## Problem to solve:
Word for word, restate the lines of the data below between those holding "- Выберите код" and "9ct Yellow Gold Trilogy Garnet Ring #27964", inclusive; pictures do not belong in the copy.

——

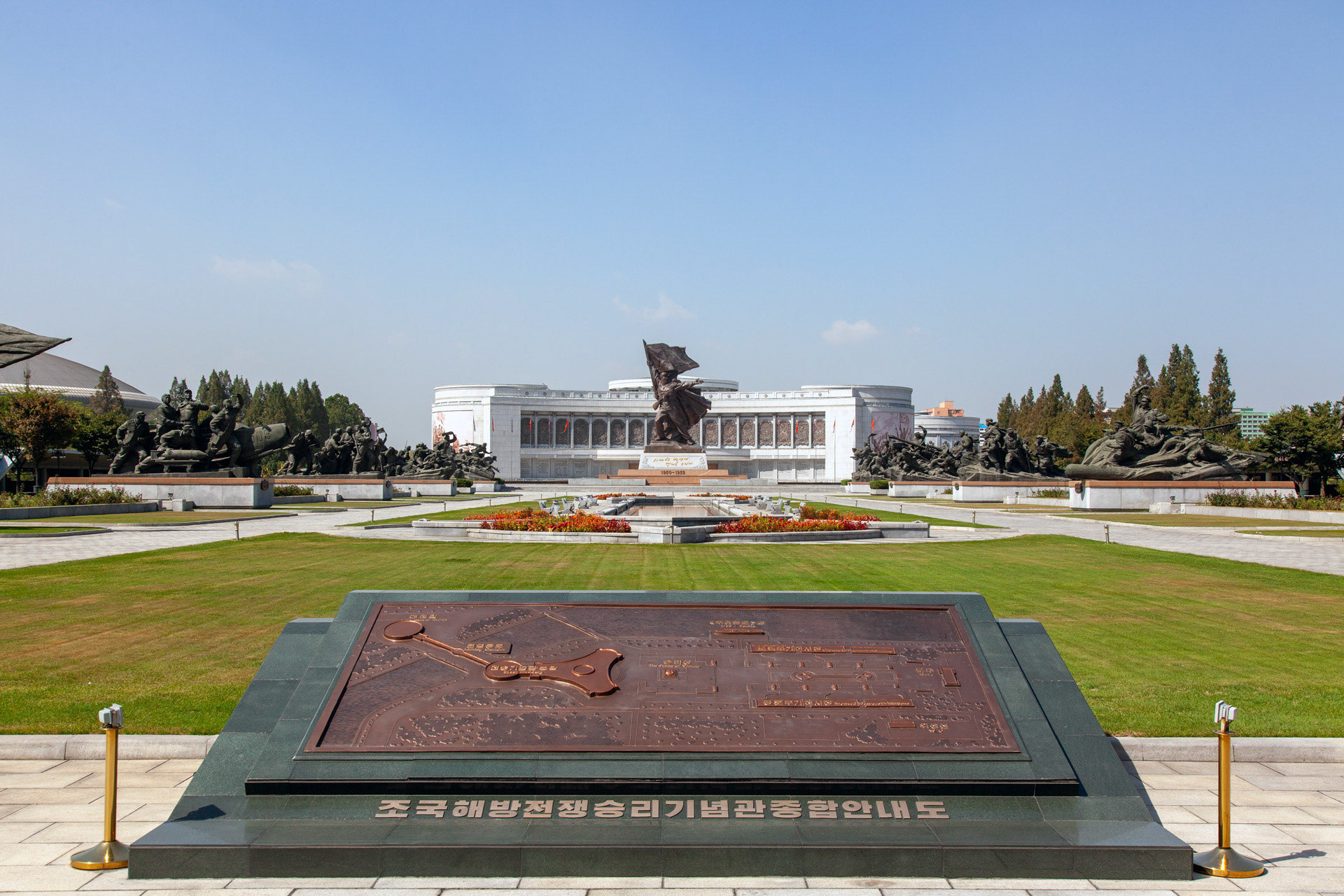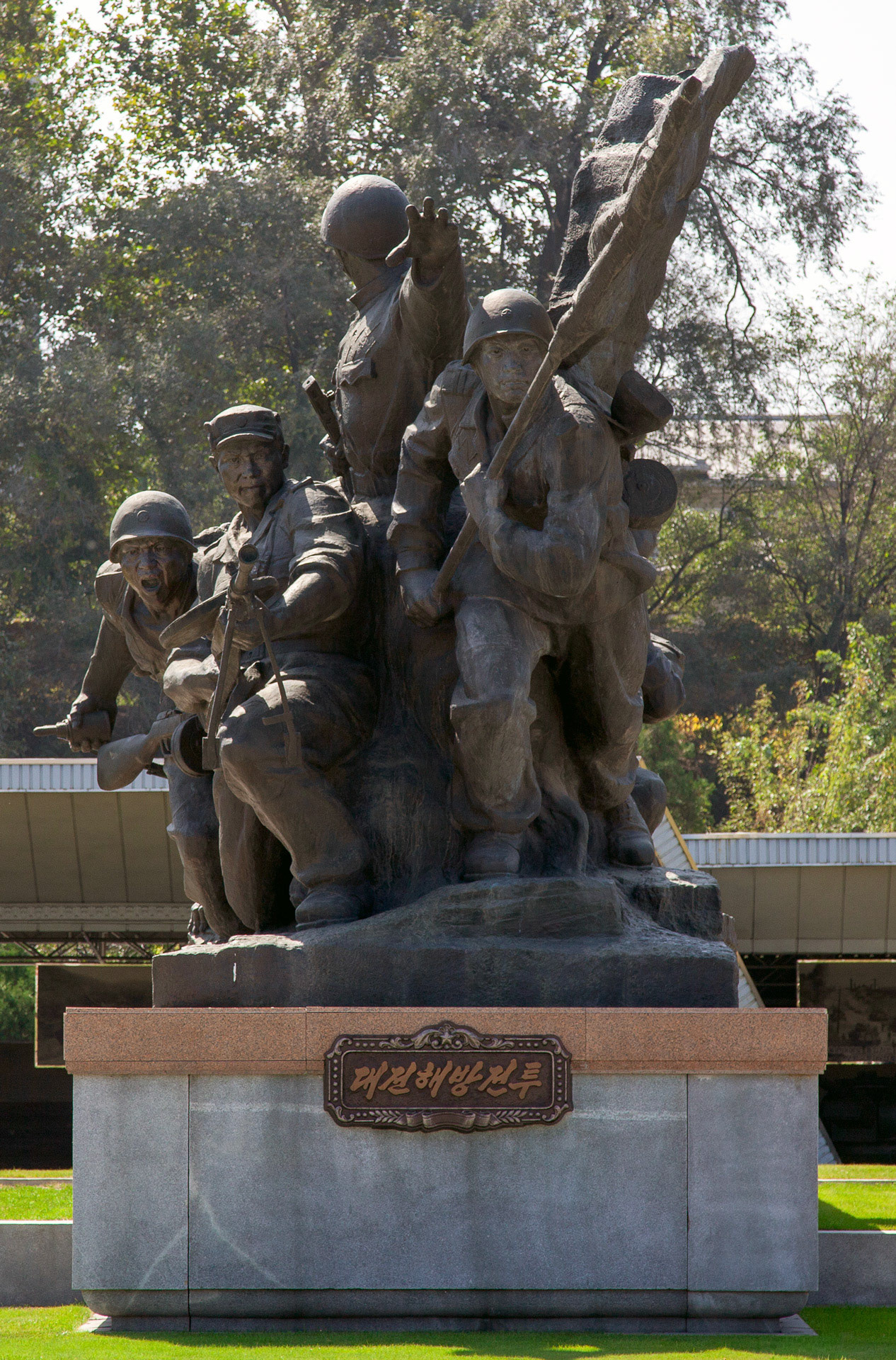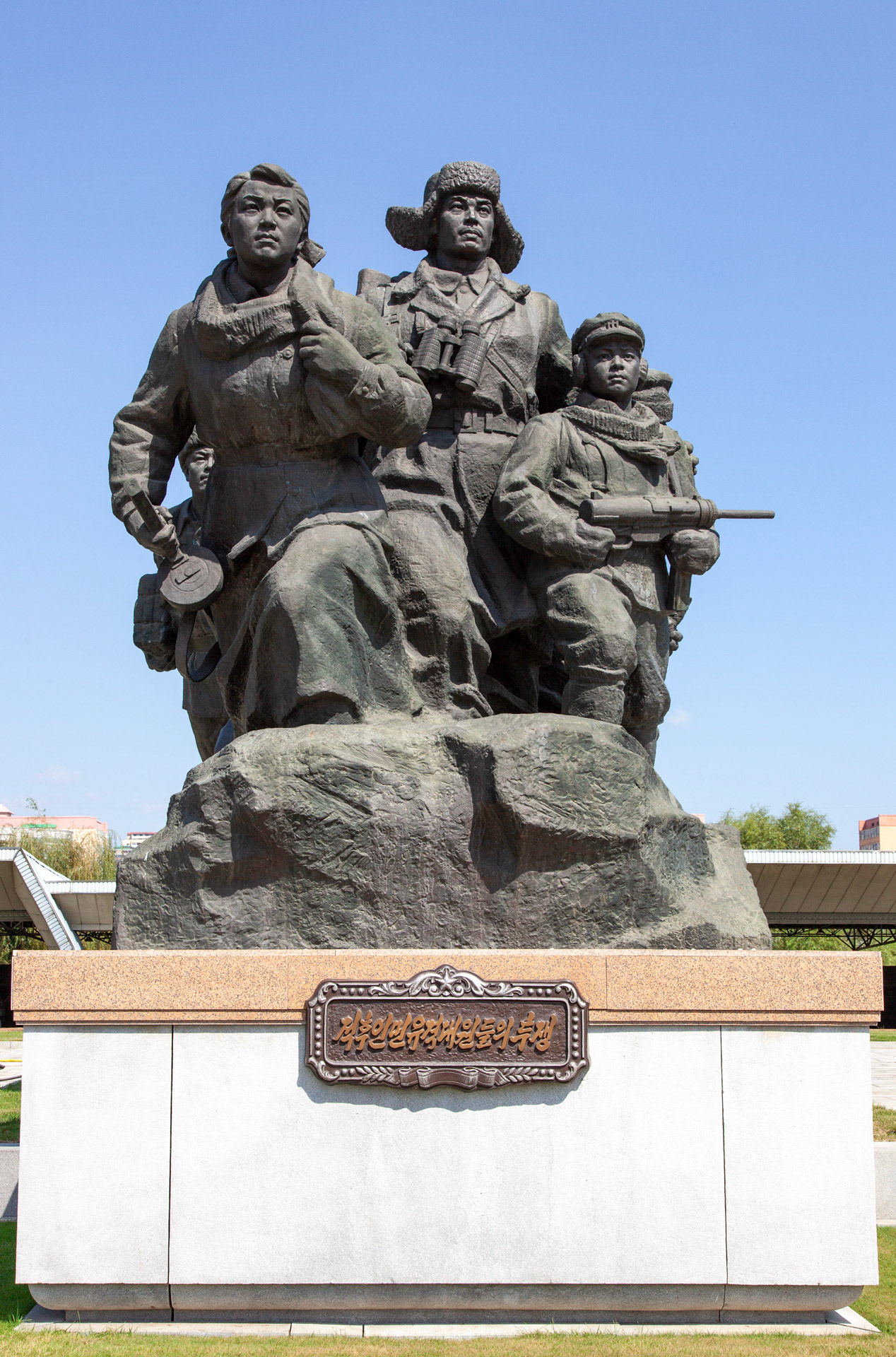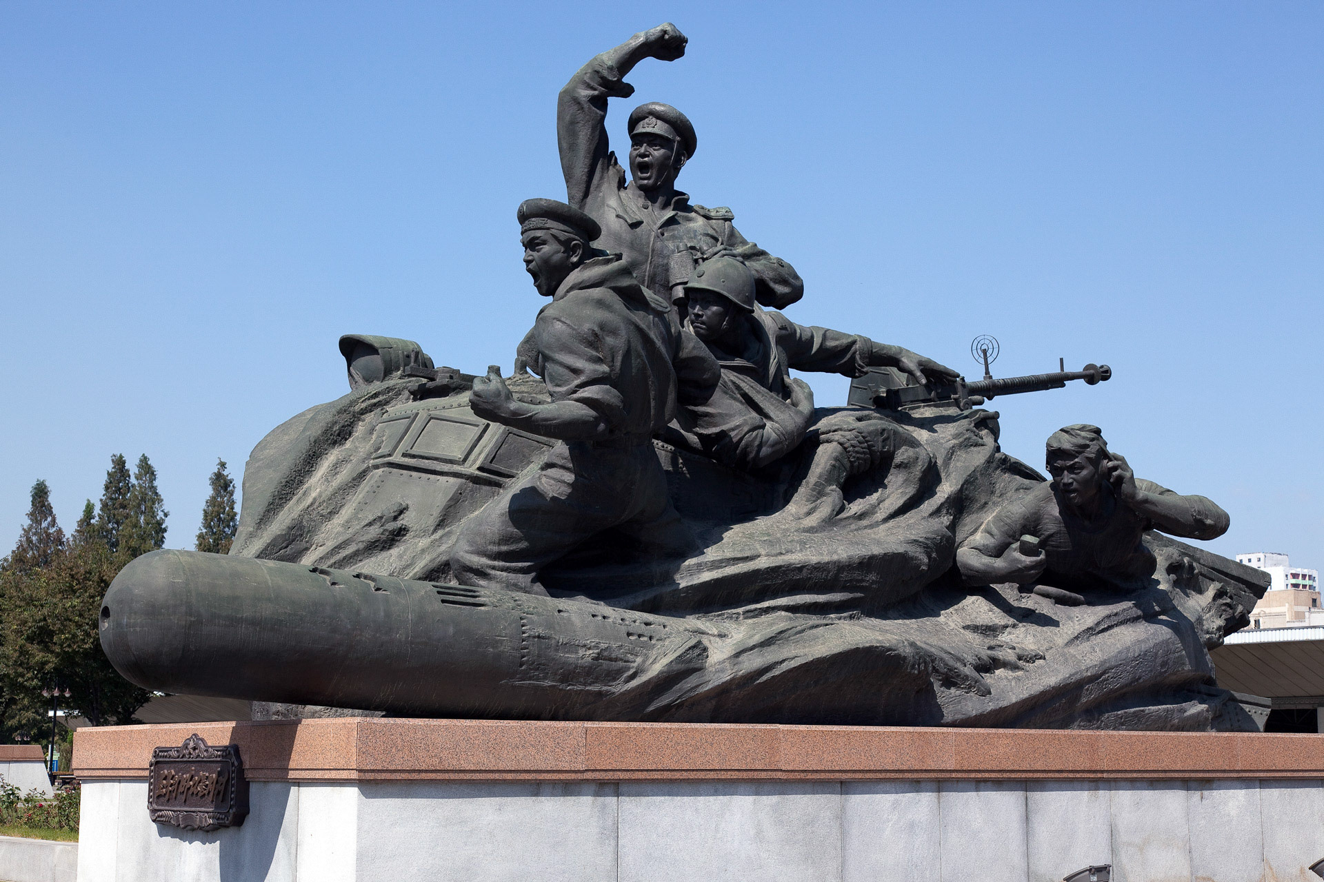 Photographic Series: North Korea, 2017 The Monument to the Victorious Fatherland Liberation War in Pyongyang rises prominently outside the eponymous museum, a sculptural homage to the Korean People’s Army. At its heart, the Victory Statue captures a soldier triumphantly raising the North Korean flag, emblematic of the state’s enduring narrative of heroism. Completed in 1993 to mark the 40th anniversary of the Korean War’s end, the ensemble of statues evokes pivotal battles and commemorates the army’s diverse branches with austere monumentality. Nearby, on the banks of the Taedong River, the captured U.S. Navy spy ship USS Pueblo silently reinforces the site’s symbolic weight, a tangible relic of conflict and national pride.
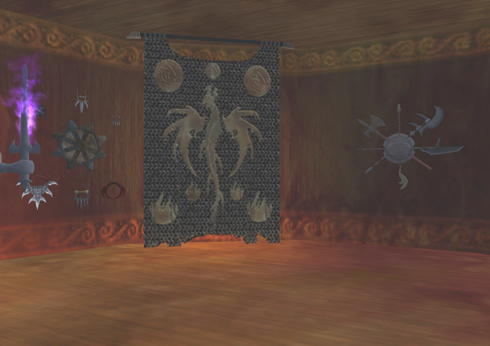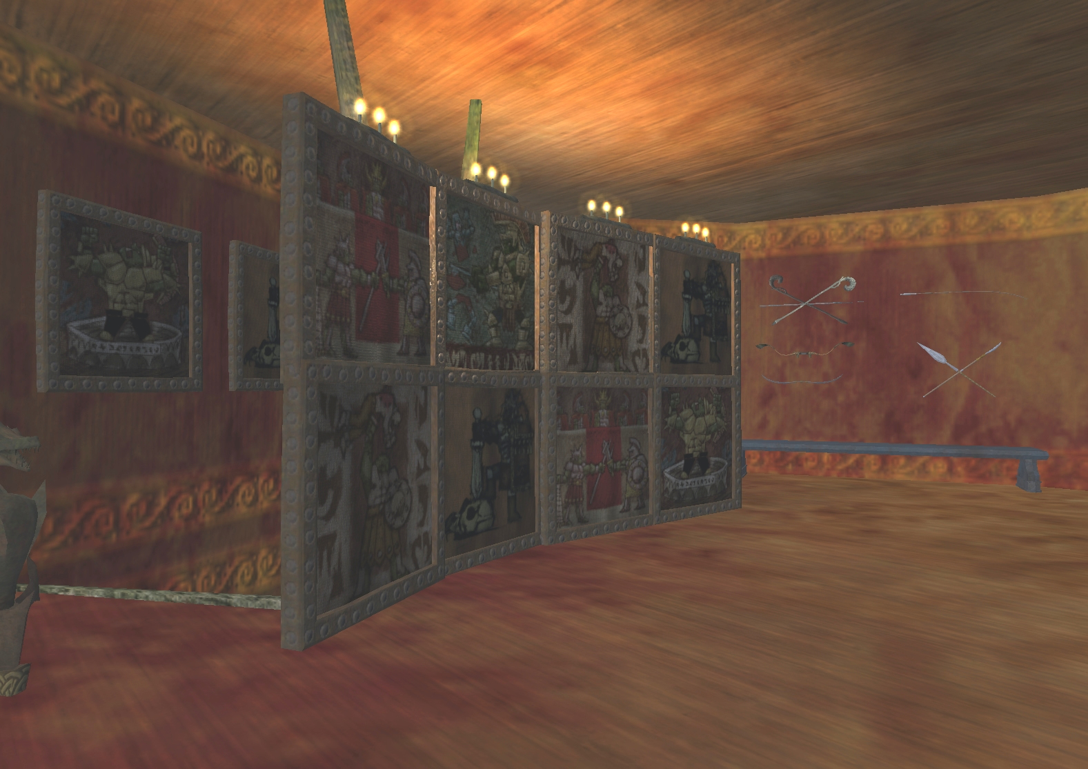Backlit tapestries and the trophies of many conquests decorate the room.
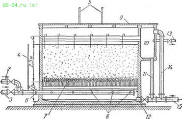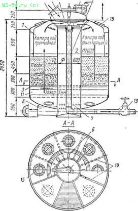 Рис. 67 а. Контактный осветлитель: 1 — зернистая загрузка; 2— подача исходной воды; 3— подача промывной воды; 4 — подача раствора коагулянта; 5 — воздушные трубы; 6 — смесительная шайба; 7 — колосниковая решетка; «—распределительные дырчатые трубы; 9— разборный' настил; 10 — сборный канал; 11 — отвод промывной воды; 12 — спускная труба; 13 — отвод осветленной воды; 14 — переливная труба; 15— сток
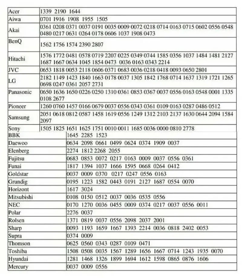 - Выберите код настройки из таблицы. Забейте его с помощью цифр на пульте.
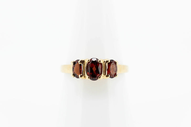 9ct Yellow Gold Trilogy Garnet Ring #27964
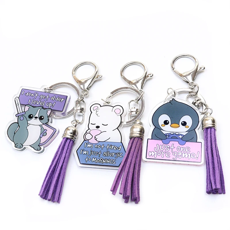 Акриловая подвеска в виде животных, крысы, пингвина, енота, искусственная кожа, брелок, милый брелок, кольцо для ключей, двусторонняя бижутерия, аксессуары
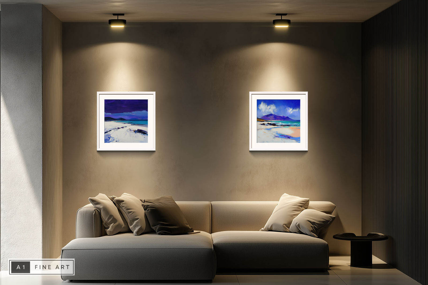 Nicky Ingham paints dreamlike scenes of Scotland’s sandy beaches, using her signature palette of blues and purples to create a sense of tranquility and wonder. Her work blends color and atmosphere beautifully, transporting viewers into serene and ethereal coastal landscapes.
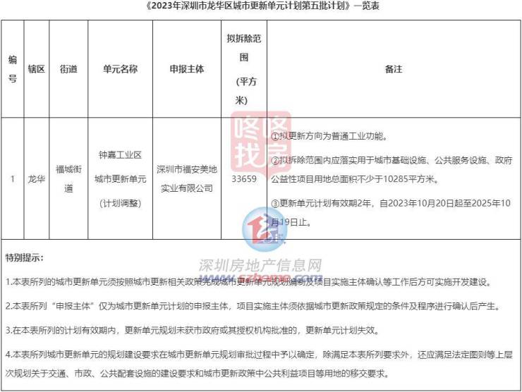 2023年深圳市龙华区城市更新单元计划第五批计划也仅有一城市更新项目,为钟嘉工业区城市更新单元(计划调整),项目位于龙华福城街道,申报主体深圳市福安美地实业有限公司。
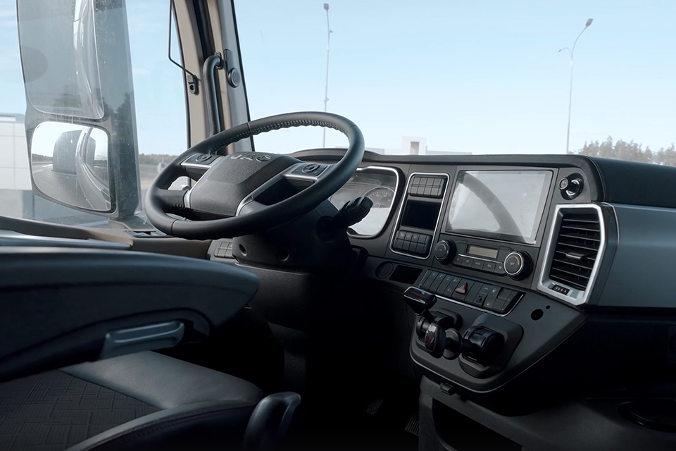 Современная система мультимедиа с сенсорным экраном диагональю 13,1 дюйма позволяет управлять не только радио и Bluetooth соединением с телефоном, но и навигацией с карты России. А информативный бортовой компьютер на приборной панели позволяет следить за множеством параметров автомобиля. На панели управления расположены пневматический ручной тормоз, переключатель баков, управление пневмоподвеской, блокировка заднего моста и другие важные элементы.

——

## Solution:
 - Выберите код настройки из таблицы. Забейте его с помощью цифр на пульте.
 9ct Yellow Gold Trilogy Garnet Ring #27964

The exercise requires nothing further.